### WHAT IS EXPECTED
Wherever a picture appears in the listing below, leave it out and reproduce the rest exactly.

### DATA EXCERPTS
____________

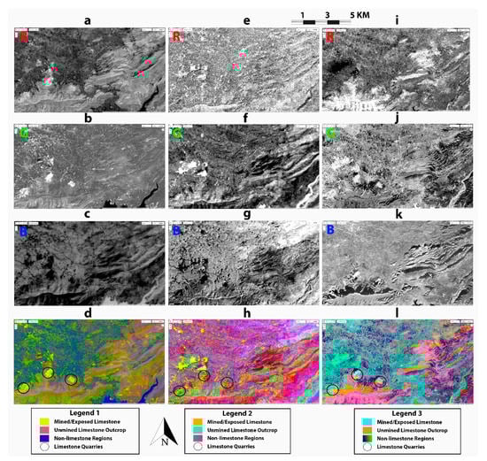 PC images of Landsat-8 (a) PC5 (limestone is shown as bright) (b) PC4 (limestone is shown as bright) (c) PC2 (limestone is shown as dark); ASTER (e) PC6 (limestone is shown as bright) (f) PC4 (limestone is shown as bright) (g) PC2 (limestone is shown as dark); Sentinel-2 (i) PC5 (limestone is shown as bright) (j) PC3 (limestone is shown as bright) (k) PC2 (limestone is shown as dark) and their FCCs (d) Landsat-8 FCC of PCs, (h) ASTER FCC of PCs, and (l) Sentinel-2 FCCs of PCs for the region of interest, i.e., Hattar, Khyber Pakhtunkhwa, Pakistan.
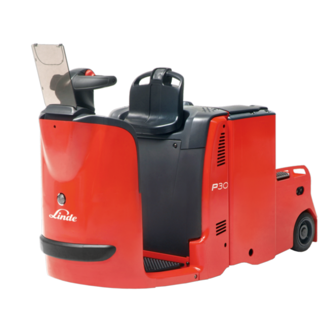 Linde Material Handling's P30 electric tow tractor and platform truck are perfect for flexible and safe transport over short and medium distances; even (and especially) when there is very little space available. The truck features precise self-centering power steering that the driver safely controls using the ergonomic two-handled steering unit. In addition, the P30's compact design makes maneuvering narrow aisles easier. The powerful three-phase motor accelerates quickly to its maximum speed. For comfort and stability while driving, the trucks are equipped with an adjustable backrest and a full-suspension standing platform with a nonslip floor covering. The P30 has a maximum load capacity of three tons. It can reach a maximum speed of 10 kilometers per hour.
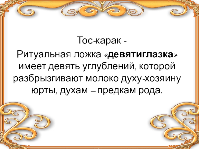 Тос-карак - Ритуальная ложка «девятиглазка» имеет девять углублений, которой разбрызгивают молоко духу-хозяину юрты, духам – предкам рода.
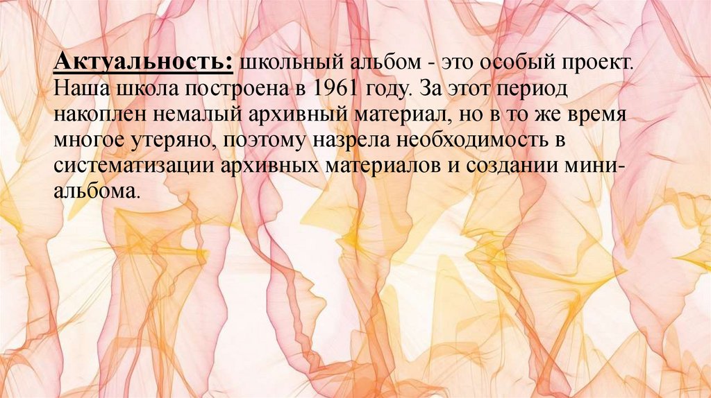 Актуальность: школьный альбом - это особый проект.Наша школа построена в 1961 году. За этот период
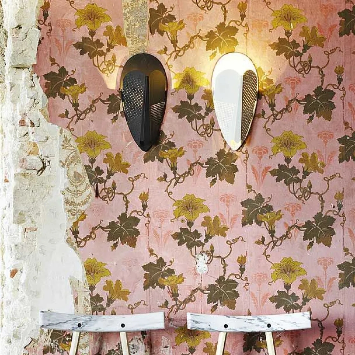 Sorcier est une applique murale inspirée des masques rituels Ngil de la tribu Fang au Gabon. La lumière se diffuse à travers les perforations dans le masque et brille vers le haut d’une manière graphique et douce. Il change de personnalité en fonction de la combinaison de couleurs, de textures et de motifs perforés, qui varient dans chacunes des version. Le designer a passé beaucoup de temps en Afrique centrale avec les Fang qui sont toujours le groupe ethnique principal en Guinée et répartis à travers le Gabon et le Cameroun. Elle puise son inspiration dans les objets rituels et la forte identité graphique avant de la combiner à la fabrication moderne pour créer cette collection. Plus qu’une lumière, Sorcier est une sculpture.

____________

### TASK OUTPUT
 PC images of Landsat-8 (a) PC5 (limestone is shown as bright) (b) PC4 (limestone is shown as bright) (c) PC2 (limestone is shown as dark); ASTER (e) PC6 (limestone is shown as bright) (f) PC4 (limestone is shown as bright) (g) PC2 (limestone is shown as dark); Sentinel-2 (i) PC5 (limestone is shown as bright) (j) PC3 (limestone is shown as bright) (k) PC2 (limestone is shown as dark) and their FCCs (d) Landsat-8 FCC of PCs, (h) ASTER FCC of PCs, and (l) Sentinel-2 FCCs of PCs for the region of interest, i.e., Hattar, Khyber Pakhtunkhwa, Pakistan.
 Linde Material Handling's P30 electric tow tractor and platform truck are perfect for flexible and safe transport over short and medium distances; even (and especially) when there is very little space available. The truck features precise self-centering power steering that the driver safely controls using the ergonomic two-handled steering unit. In addition, the P30's compact design makes maneuvering narrow aisles easier. The powerful three-phase motor accelerates quickly to its maximum speed. For comfort and stability while driving, the trucks are equipped with an adjustable backrest and a full-suspension standing platform with a nonslip floor covering. The P30 has a maximum load capacity of three tons. It can reach a maximum speed of 10 kilometers per hour.
 Тос-карак - Ритуальная ложка «девятиглазка» имеет девять углублений, которой разбрызгивают молоко духу-хозяину юрты, духам – предкам рода.
 Актуальность: школьный альбом - это особый проект.Наша школа построена в 1961 году. За этот период
 Sorcier est une applique murale inspirée des masques rituels Ngil de la tribu Fang au Gabon. La lumière se diffuse à travers les perforations dans le masque et brille vers le haut d’une manière graphique et douce. Il change de personnalité en fonction de la combinaison de couleurs, de textures et de motifs perforés, qui varient dans chacunes des version. Le designer a passé beaucoup de temps en Afrique centrale avec les Fang qui sont toujours le groupe ethnique principal en Guinée et répartis à travers le Gabon et le Cameroun. Elle puise son inspiration dans les objets rituels et la forte identité graphique avant de la combiner à la fabrication moderne pour créer cette collection. Plus qu’une lumière, Sorcier est une sculpture.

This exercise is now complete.